San Francisco Public Defender, Jeff Adachi, stood at the top of the steps leading to City Hall, and warned the assembled audience that there will be “billions of dollars in loss of revenue and loss of gross domestic product if TPS is removed.”
Since the Trump administration assumed office, the Temporary Protected Status (TPS) program has been in its crosshairs. Ten countries are on the TPS designated list currently: El Salvador, Honduras, Haiti, Nicaragua, Somalia, Sudan, South Sudan, Yemen, Syria and Nepal. Most are scheduled to have their TPS designations terminated in 2019. TPS holders have been given one final chance to apply for TPS before their status expires.
There are about 300,000 individuals from Honduras, Haiti and El Salvador holding TPS status. An ILRC policy report puts the tax payer cost at $3.1 billion if these 300,000 people were all deported, with $45.2 billion in reduced gross domestic product. Those numbers are nothing to sneeze at. The ripple effect in San Francisco, home to 10,000 to 15,000 TPS holders, would be considerably damaging, as Adachi intimated.
Mariano Guzman, a TPS recipient from Honduras, has been traveling with the TPS’ Journey for Justice Caravan, stopping at 30 states across America to bring awareness to the plight of TPS holders.
Guzman told me that the loss of TPS status would be devastating. He has been living in the United States since 1993 and received TPS status in 1998. In the late 80s and 90s, able-bodied men living close to the Honduras, El Salvador border were routinely picked up by local gang members or militia to “persuade” them to join their cause. “That’s what happened to me,” Guzman said. He was taken for questioning in Honduras and beaten because the military thought he was working for Salvadoran groups. He was threatened with the safety of his family if he didn’t join the Honduran military.
Once Guzman was released, he decided to leave Honduras. One of the casualties of that decision was that he was forced to leave his two young daughters behind. Guzman has been in the United States for 25 years and never went back to Honduras, for fear that the problems he left his country for would resurface to haunt him and he wouldn’t be allowed back in to America.

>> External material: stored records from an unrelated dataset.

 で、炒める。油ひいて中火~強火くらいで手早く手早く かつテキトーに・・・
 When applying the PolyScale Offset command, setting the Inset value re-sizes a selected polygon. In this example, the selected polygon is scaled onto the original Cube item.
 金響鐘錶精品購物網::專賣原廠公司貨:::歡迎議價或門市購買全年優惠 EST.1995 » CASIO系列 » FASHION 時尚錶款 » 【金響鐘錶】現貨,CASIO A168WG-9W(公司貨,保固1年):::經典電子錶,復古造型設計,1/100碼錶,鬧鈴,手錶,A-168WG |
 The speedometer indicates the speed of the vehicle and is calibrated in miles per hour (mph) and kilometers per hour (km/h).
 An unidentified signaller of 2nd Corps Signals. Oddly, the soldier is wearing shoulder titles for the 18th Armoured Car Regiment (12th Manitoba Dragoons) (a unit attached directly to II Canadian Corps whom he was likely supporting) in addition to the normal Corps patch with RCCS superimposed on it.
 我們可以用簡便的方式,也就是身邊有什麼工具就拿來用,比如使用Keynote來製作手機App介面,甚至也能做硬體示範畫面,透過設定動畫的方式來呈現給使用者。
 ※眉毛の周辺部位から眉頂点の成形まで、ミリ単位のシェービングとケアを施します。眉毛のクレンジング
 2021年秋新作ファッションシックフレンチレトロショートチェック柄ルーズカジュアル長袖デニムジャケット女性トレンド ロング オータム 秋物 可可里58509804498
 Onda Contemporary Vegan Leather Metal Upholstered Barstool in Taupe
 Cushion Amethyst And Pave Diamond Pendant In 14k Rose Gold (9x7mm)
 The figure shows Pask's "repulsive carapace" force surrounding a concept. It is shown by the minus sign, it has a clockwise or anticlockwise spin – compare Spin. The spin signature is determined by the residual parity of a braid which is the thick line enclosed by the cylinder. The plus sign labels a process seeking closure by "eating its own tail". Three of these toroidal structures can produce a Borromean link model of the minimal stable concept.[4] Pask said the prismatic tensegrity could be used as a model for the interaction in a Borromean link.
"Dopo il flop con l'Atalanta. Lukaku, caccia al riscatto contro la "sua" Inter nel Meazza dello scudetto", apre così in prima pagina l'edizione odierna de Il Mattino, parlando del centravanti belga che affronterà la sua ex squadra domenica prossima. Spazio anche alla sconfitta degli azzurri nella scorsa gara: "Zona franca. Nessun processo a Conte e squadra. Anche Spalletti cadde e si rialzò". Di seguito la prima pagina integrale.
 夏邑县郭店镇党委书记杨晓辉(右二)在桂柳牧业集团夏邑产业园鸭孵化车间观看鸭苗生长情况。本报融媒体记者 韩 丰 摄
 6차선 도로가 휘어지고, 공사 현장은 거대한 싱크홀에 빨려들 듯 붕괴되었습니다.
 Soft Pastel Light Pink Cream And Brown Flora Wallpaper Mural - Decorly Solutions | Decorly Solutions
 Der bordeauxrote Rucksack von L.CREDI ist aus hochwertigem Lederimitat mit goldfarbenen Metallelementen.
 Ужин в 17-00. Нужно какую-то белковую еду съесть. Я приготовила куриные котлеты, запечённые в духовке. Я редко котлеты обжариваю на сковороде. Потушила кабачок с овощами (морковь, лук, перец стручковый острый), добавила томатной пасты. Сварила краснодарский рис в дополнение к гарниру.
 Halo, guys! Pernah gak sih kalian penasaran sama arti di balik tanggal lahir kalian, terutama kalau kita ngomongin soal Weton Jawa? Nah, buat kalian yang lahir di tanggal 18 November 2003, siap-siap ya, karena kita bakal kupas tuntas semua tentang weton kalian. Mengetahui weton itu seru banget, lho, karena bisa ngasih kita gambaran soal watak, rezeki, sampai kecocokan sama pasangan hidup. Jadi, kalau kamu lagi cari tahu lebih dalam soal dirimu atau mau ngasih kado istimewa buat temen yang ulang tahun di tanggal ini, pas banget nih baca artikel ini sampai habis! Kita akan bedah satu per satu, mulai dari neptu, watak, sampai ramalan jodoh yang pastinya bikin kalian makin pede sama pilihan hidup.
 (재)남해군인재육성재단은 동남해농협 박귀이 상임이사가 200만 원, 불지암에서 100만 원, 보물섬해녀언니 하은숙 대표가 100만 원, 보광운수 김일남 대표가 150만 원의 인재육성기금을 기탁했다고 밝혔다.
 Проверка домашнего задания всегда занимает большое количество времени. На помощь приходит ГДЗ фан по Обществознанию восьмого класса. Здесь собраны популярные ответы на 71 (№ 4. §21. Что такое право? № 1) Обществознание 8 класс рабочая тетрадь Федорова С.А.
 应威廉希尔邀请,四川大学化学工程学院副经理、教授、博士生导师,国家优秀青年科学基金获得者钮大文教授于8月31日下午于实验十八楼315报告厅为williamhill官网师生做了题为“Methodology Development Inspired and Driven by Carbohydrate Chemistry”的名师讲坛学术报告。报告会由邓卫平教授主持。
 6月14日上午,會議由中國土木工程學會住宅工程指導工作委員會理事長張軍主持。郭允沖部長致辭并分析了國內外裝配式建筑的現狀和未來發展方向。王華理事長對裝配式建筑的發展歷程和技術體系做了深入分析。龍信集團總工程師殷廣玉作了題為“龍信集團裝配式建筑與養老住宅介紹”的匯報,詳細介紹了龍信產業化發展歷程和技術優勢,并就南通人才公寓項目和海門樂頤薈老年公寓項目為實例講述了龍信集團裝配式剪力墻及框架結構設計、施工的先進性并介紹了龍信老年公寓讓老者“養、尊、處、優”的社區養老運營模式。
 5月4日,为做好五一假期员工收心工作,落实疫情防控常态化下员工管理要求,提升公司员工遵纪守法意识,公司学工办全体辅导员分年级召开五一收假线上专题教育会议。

El Salvador and Honduras rank as two of the most violent countries in the world and in 2015, El Salvador became the most violent country not at war.
In a statement in May, Democratic leader Nancy Pelosi claimed that deporting hard-working Hondurans back would create chaos in Honduras, “where political instability, food shortages and gang violence continue to exact a devastating toll on local populations.”
Guzman has been working as a garbage collector for Recology for the last eighteen years. He has friends, neighbors and a family that he’s re-fashioned for himself with young children who are attending school in San Pablo.
“As a TPS holder, I’ve contributed to taxes. I’m not dependent,” he averred. His message was echoed by several other TPS holders.
Cristina Morales and her daughter Crista Ramos were two of the plaintiffs in the lawsuit filed in March against the Trump administration to stop the termination of TPS. She came here when she was twelve years old, finished high school, went to college and now has three children, all U.S. citizens. “I belong here,” she said passionately.
The termination of TPS will either split up this family, or will force Morales to live in the shadows, fearful of being caught and sent away from her loved ones.
Adachi related his own well-known history to draw parallels to today’s policies that separate children from their parents. “My parents were interned and separated from their families [during the Japanese incarceration]. They were placed behind bars and treated as enemy combatants,” he said, urging people to “band together to ensure that TPS is not only kept intact, but also expanded.”
Many immigration hardliners argue that the word “temporary” in TPS means exactly that. Life in America was never meant to be a permanent solution.
Some have even suggested taking away the privilege of work authorizations, which is at the crux of the TPS debate. Once the ability to work in America is taken away, it’s harder to put down roots, and hence there will be fewer costs incurred with deportations, the argument goes.
That’s not a solution, that’s creating a crisis to solve a crisis. Having people reside among us, without working and relying on America’s safety net programs will be costly and dangerous.
When people are gainfully employed, there’s less crime and there is more money and resources available for all of us.
Besides humans are social beings; we tend to form relationships irrespective of job or immigration status and those relationships inevitably lead to putting down roots. This then would take us full circle back to where we started, unable to deport those who have U.S. born children in the country.
The National TPS Alliance claims 273,000 citizen children have at least one parent with TPS.
Ultimately, our policies need to keep families together. Guzman has already suffered the ravages of a family separation once, caused by the prospect of violence. This time, the separation would be merely for the administration to make a point. While we calculate economic costs of programs, I believe the social costs, ones that are hard to quantify, are infinitely greater.